As expected, the reception for the Belfast-born boxer in his first fight in his home town for over seven years was emotional but the local fans understand boxing and they realised long before the first bell that Russia's Nikolai Eremeev was selected to make their fighter look good. When the fight was stopped with just eight seconds remaining in round four, the crowd generously applauded Eremeev and left knowing that the next time they see McCullough he will be in a real fight.

The 32-year-old now has to make a decision that will effect the rest of his life and select the most suitable and lucrative world title fight that his promoter Frank Warren can secure for him. There appears to be two likely options and both would be extremely difficult fights for him to win. A veteran of 10 years in Las Vegas gyms and several vicious fights, McCullough is simply not the boxer he was six or seven years ago.

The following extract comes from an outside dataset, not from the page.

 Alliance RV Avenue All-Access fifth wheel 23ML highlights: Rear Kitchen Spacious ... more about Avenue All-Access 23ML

The obvious fight is against Glasgow's recently-crowned World Boxing Organisation featherweight champion, Scott Harrison. However, in the hours after the fight it was clear that the leading contender is a move back to super-bantamweight and a fight against Panama's WBO champion at that weight, Juan Guzman. McCullough was just two pounds over the super-bantamweight limit for Saturday's bout and he claimed to have eaten a full cooked breakfast in the hours before the weigh-in.

Guzman would travel and fight in Belfast but Harrison will not and that seems to be the most important factor because taking McCullough away from his home town would be a dumb move. In Belfast, presumably at the recently-built Odyssey Arena, McCullough would sell-out and a crowd of nearly 10,000 cheering him on would create a daunting backdrop for any visiting fighter.

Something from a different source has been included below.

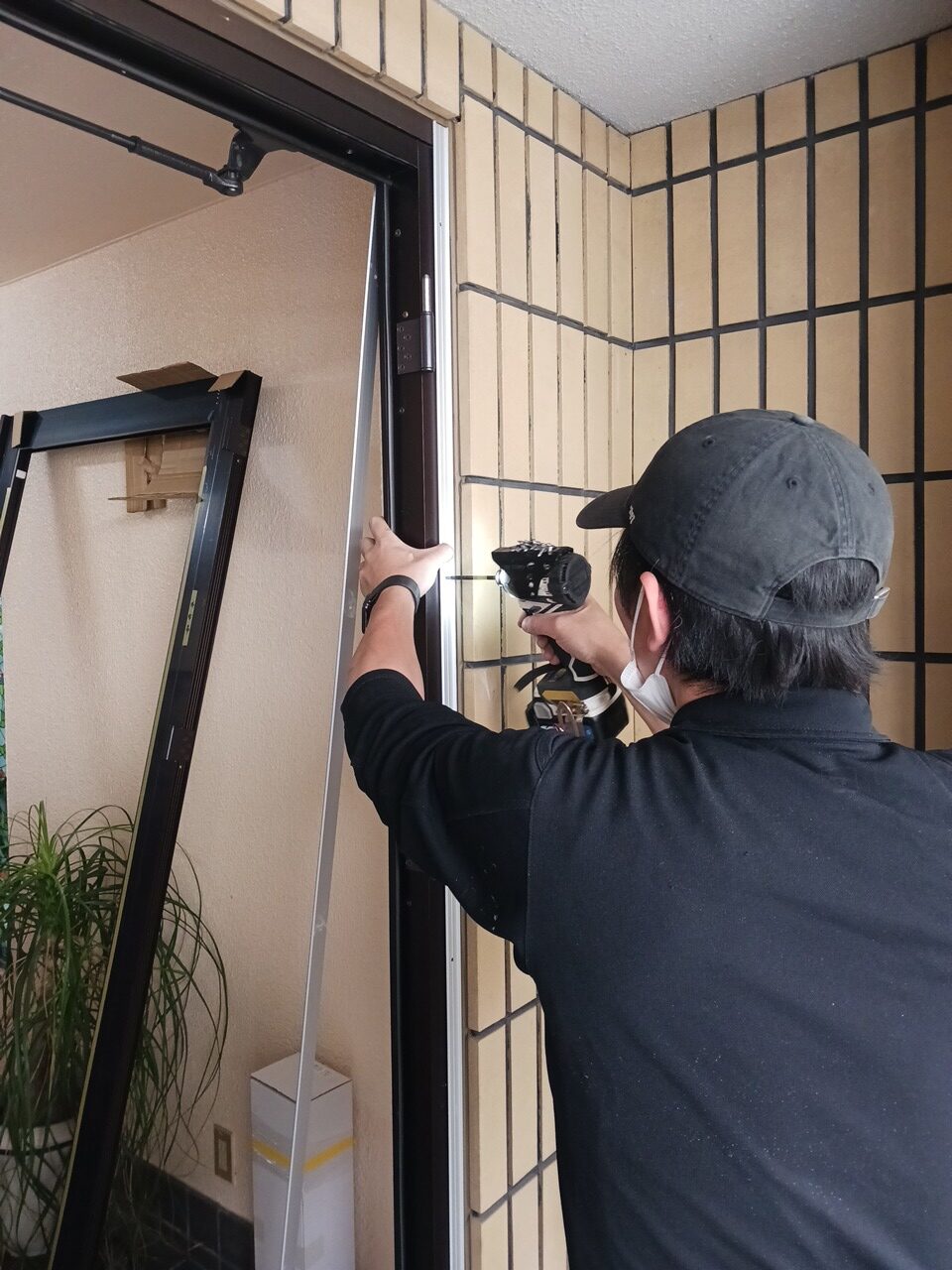 新しい枠を既存枠に取付に取り付けていきます。この時、水平、垂直を確認して枠に歪みがないように取り付けます。カバー工事は、既存枠を残したまま、ドアのお取替えが出来るので、価格もリーズナブルです!!

Warren will be calculating the risks in letting McCullough fight Guzman, who is unbeaten but untested in 18 bouts, and the financial and professional benefits in pushing directly for a fight against Harrison, which is the type of fight that would grace any decade in British boxing history.

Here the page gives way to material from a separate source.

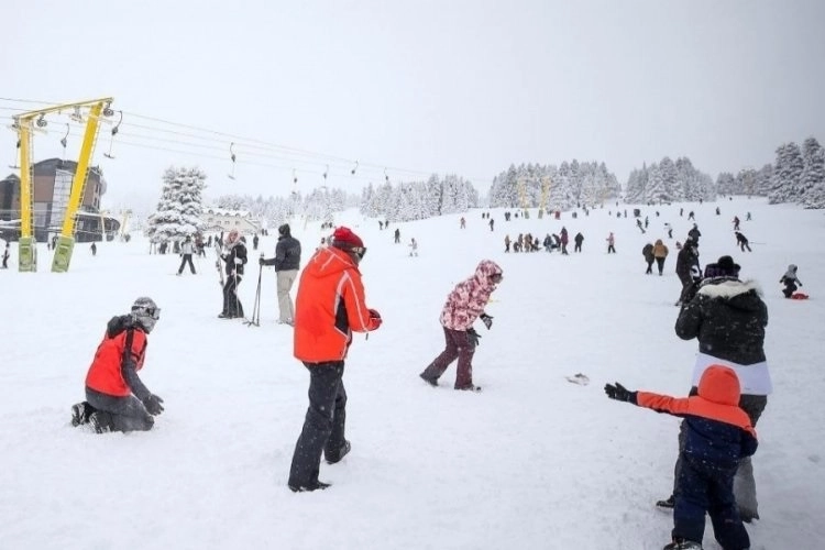Ağırlıklı olarak günübirlikçilerin doldurduğu pistlerde bazı ziyaretçiler öğretmenler eşliğinde kayak öğrenirken, özellikle çocuklar poşetlerle kaydı.

The obvious sequence is for McCullough to beat Guzman, make a defence in Belfast and then surrender home advantage for a showdown next summer outdoor in Scotland against Harrison. This would also allow Harrison, who won the title two weeks ago in front of 5,000, to increase his popularity. However, if either Harrison or McCullough lose before sharing a ring, Warren will regret not pushing them together sooner and for good reason.

The nominal main event on Saturday night was almost ignored because of the clamour involving McCullough's homecoming but Belfast's Neil Sinclair retained his British welterweight title when he stopped Paul Knights in round two. Sinclair was cut in the first but was simply too powerful for Knights and after one brief knock-down it was waved off.